Account Name:\s+(?!.+\$)(?P<FIELDNAME>\S+)

It looks for Account Name: followed by one or more spaces (there is excess spacing in the logs for some reason.) The real magic happens in the next bit – (?!.+\$)

  • Parenthesis group the expression together
  • ?! means negative lookahead – don’t include anything you find that matches the following regex
  • .+ – one or more characters
  • \$ – stop matching when you encounter a dollar sign

The second regex string is simply \S+ (one or more non-whitespace characters.)

Note this doesn’t satisfy all AD logs, just the ones I’m interested in (account lockouts – they all have a first Account Name ending in a dollar sign.)

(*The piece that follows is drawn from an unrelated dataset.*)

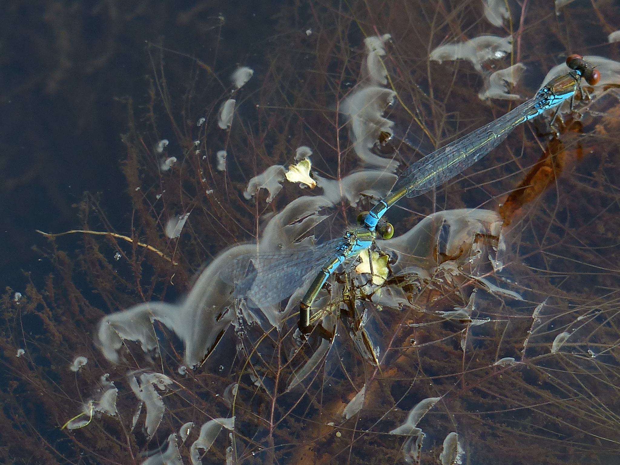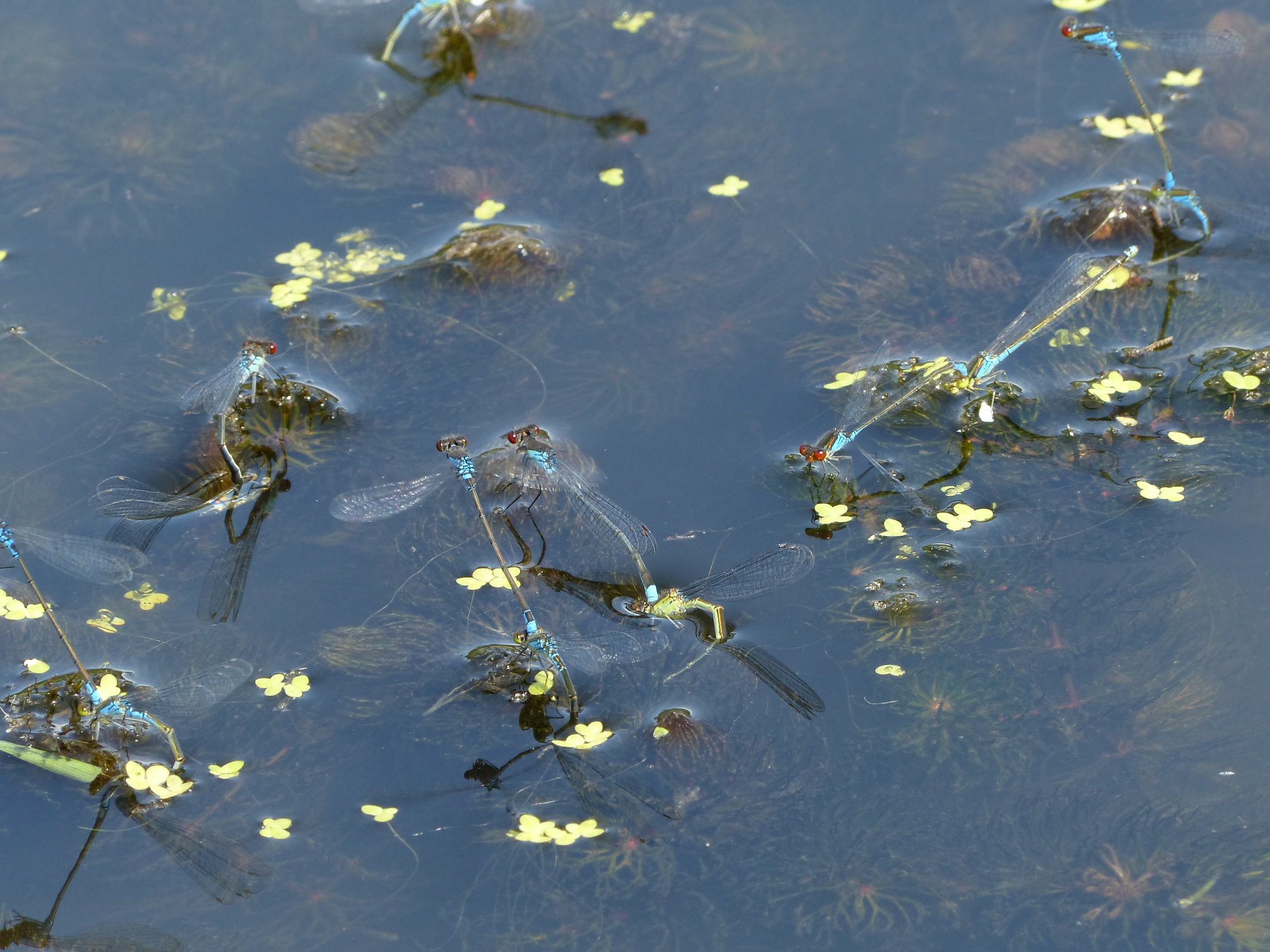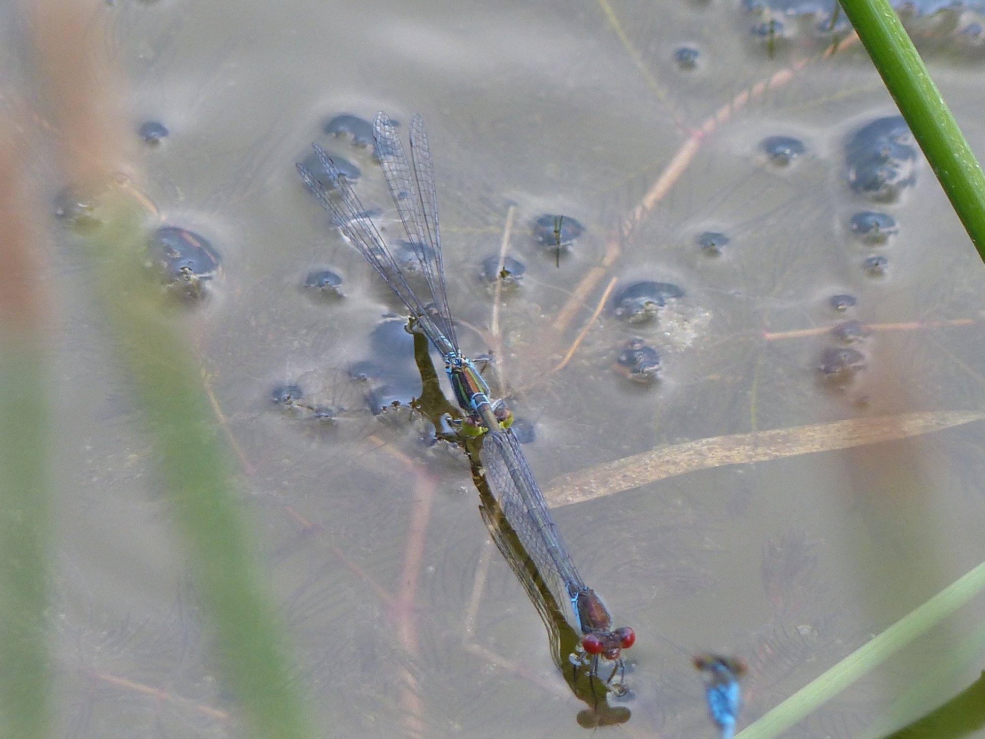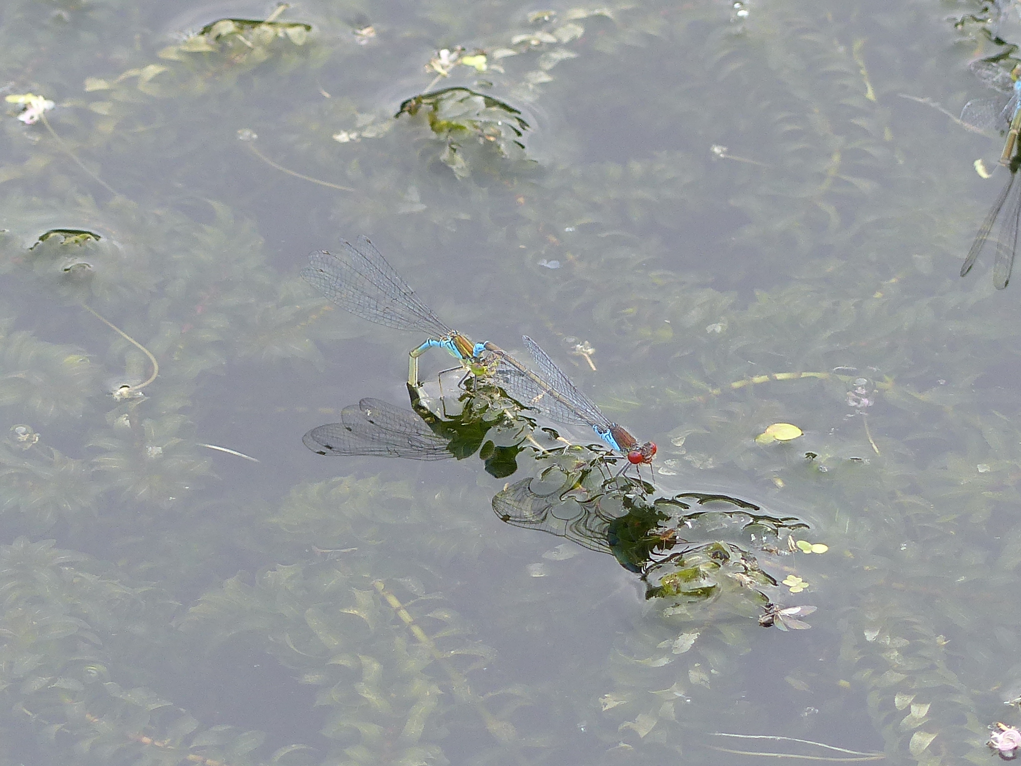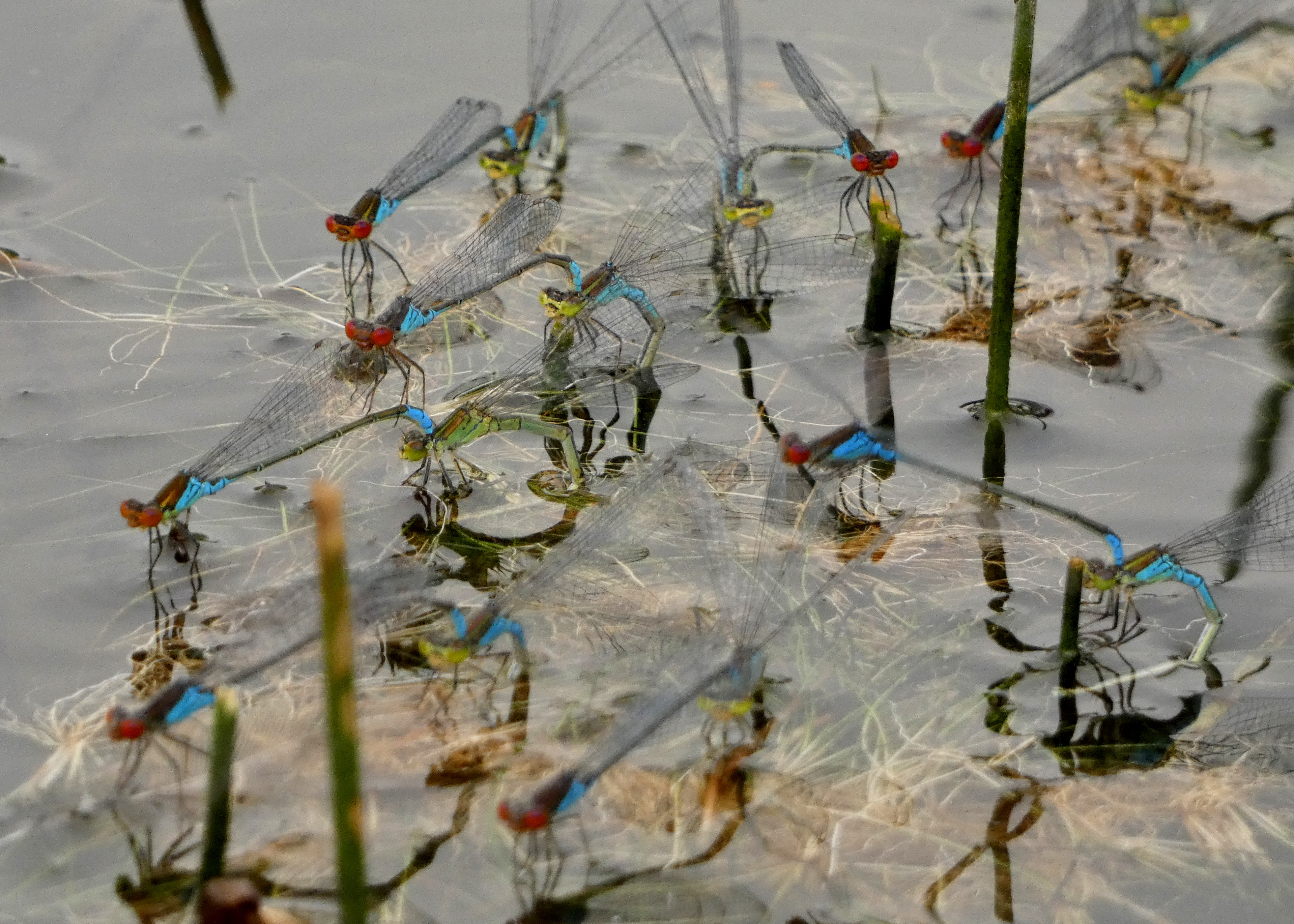 Kleiner Ausschnitt einer Massen-Eiablage des Kleinen Granatauge am Libellenteich an der Halde Berzdorf im August 2016, dazwischen einzelne Paare des Großen Granatauge

The result of all this jargon and gnashing of teeth: clean Splunk logs revealing only what I want without excess information. Neat.


 

Update: I found an even better way to do this. The key is to use the regex modifier (?s) to include new lines. The better query is now this:

(?s)(<section name of the field you're interested in>:.+Account Name:\s+)(?P<real_group_name>[^\n]+)

A detailed explanation is located here.

Make stats in Splunk more meaningful with fillnull

I mentioned in my last post about a common issue that I have with the stats command: items with empty values are simply excluded from the results. What if you want to include those empty results with the stats command?

The solution, which I found here, is to use the fillnull command.

<search query> | fillnull value=”-” | stats count by <field(s) which contain empty values>

It’s that simple! Now instead of excluding empty results, they are included and display as a dash. Brilliant.